**How to complete this task**
Exact reproduction is required for the lines below starting at the line with "Convite para Chás de fraldas Dourados" and ending at the line with "De esta manera, Ntra.", both included. No other lines, and no pictures.

**Data to examine**

=== Begin Enclosure ===

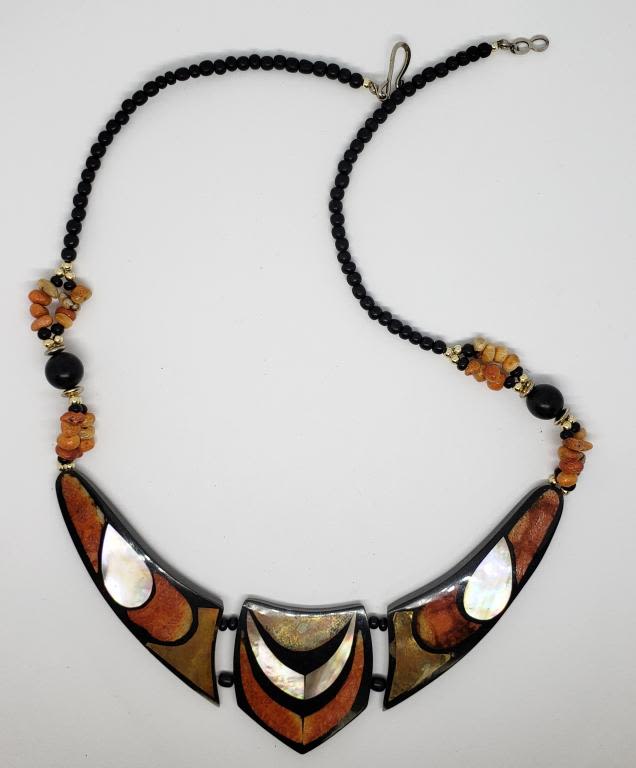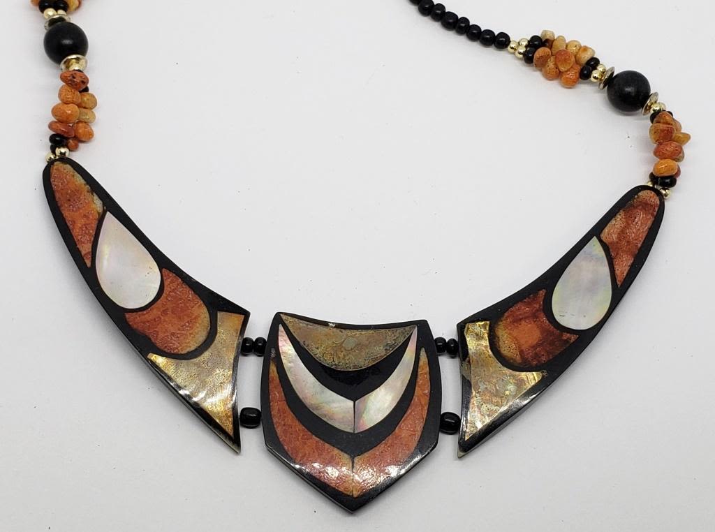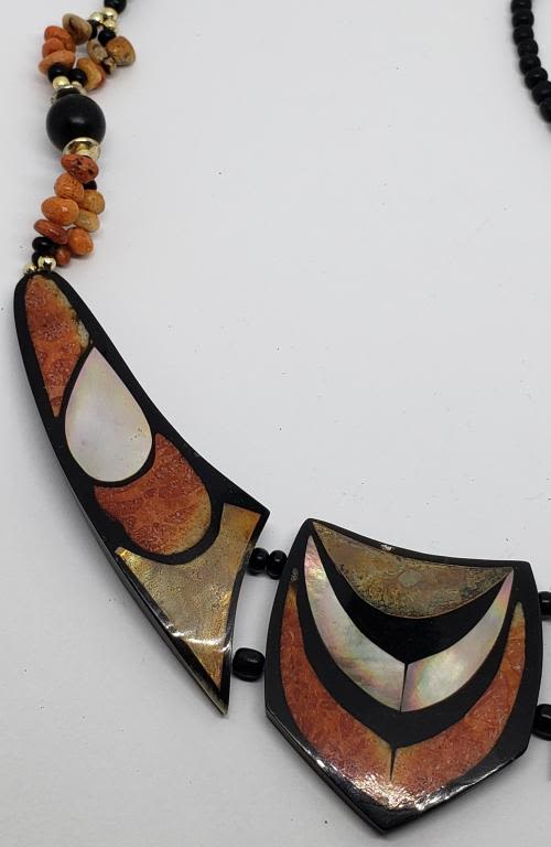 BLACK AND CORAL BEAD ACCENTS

=== End Enclosure ===
=== Begin Enclosure ===

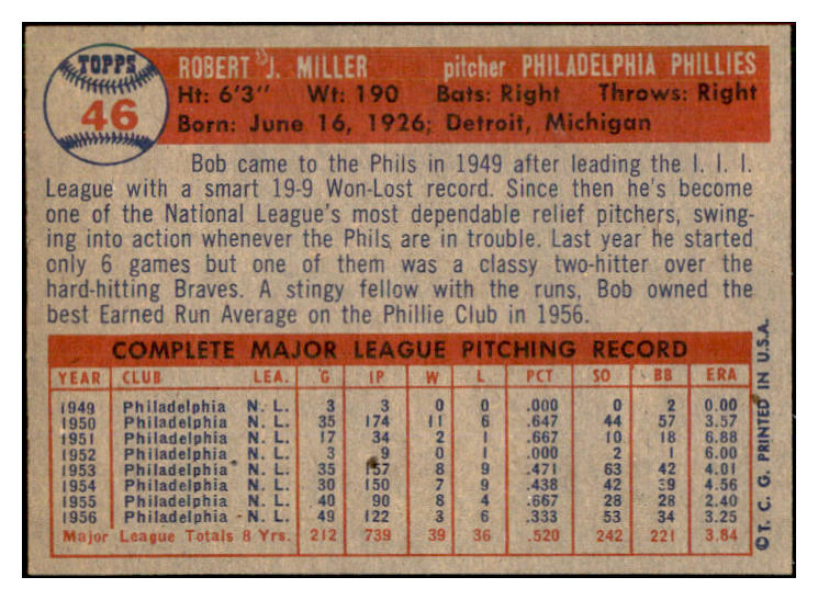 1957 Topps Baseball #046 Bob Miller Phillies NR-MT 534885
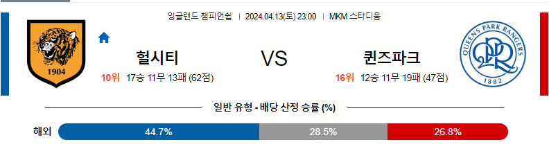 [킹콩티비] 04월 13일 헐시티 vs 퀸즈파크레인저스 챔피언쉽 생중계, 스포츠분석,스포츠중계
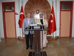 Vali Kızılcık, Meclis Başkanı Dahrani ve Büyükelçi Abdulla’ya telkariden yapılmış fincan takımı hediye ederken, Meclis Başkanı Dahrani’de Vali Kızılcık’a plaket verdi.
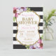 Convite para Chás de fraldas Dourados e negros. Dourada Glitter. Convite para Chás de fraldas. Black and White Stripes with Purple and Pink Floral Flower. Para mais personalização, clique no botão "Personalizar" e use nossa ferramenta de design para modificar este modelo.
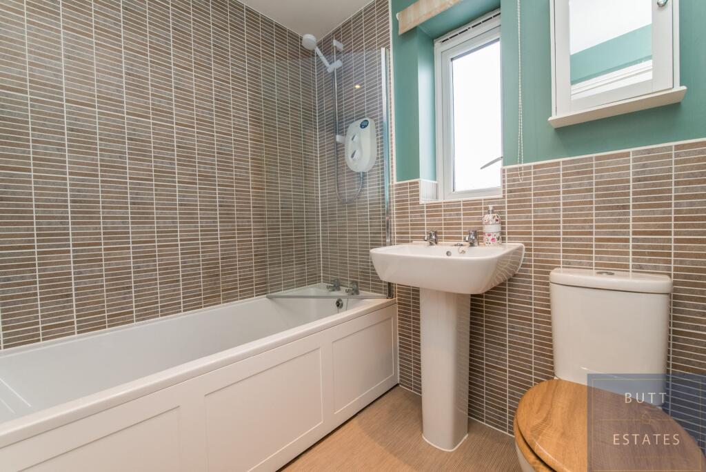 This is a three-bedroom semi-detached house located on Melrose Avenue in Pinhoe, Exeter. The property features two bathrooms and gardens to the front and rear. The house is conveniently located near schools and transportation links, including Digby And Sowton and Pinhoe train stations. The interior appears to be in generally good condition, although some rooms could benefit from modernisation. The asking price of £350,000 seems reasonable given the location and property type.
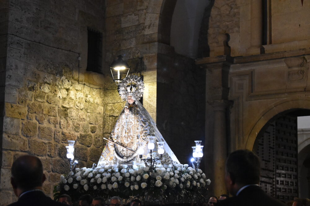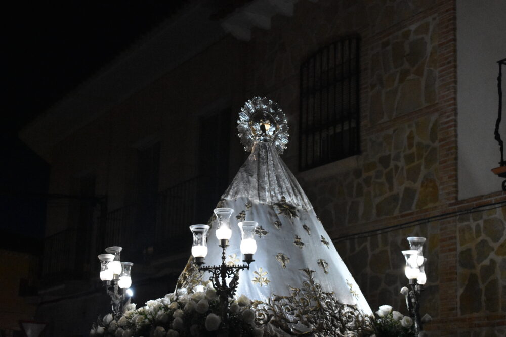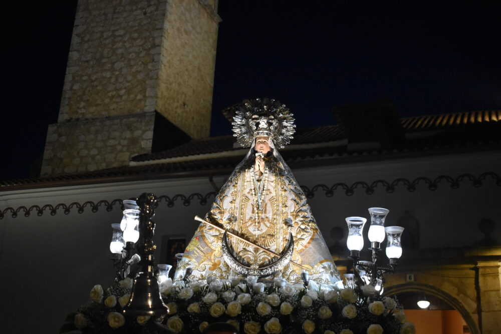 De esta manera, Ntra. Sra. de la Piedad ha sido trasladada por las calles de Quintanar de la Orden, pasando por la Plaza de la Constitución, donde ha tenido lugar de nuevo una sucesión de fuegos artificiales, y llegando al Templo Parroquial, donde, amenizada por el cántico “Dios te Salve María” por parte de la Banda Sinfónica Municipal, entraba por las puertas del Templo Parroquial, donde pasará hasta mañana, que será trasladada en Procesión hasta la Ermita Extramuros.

=== End Enclosure ===

**Exercise output**
 Convite para Chás de fraldas Dourados e negros. Dourada Glitter. Convite para Chás de fraldas. Black and White Stripes with Purple and Pink Floral Flower. Para mais personalização, clique no botão "Personalizar" e use nossa ferramenta de design para modificar este modelo.
 This is a three-bedroom semi-detached house located on Melrose Avenue in Pinhoe, Exeter. The property features two bathrooms and gardens to the front and rear. The house is conveniently located near schools and transportation links, including Digby And Sowton and Pinhoe train stations. The interior appears to be in generally good condition, although some rooms could benefit from modernisation. The asking price of £350,000 seems reasonable given the location and property type.
 De esta manera, Ntra. Sra. de la Piedad ha sido trasladada por las calles de Quintanar de la Orden, pasando por la Plaza de la Constitución, donde ha tenido lugar de nuevo una sucesión de fuegos artificiales, y llegando al Templo Parroquial, donde, amenizada por el cántico “Dios te Salve María” por parte de la Banda Sinfónica Municipal, entraba por las puertas del Templo Parroquial, donde pasará hasta mañana, que será trasladada en Procesión hasta la Ermita Extramuros.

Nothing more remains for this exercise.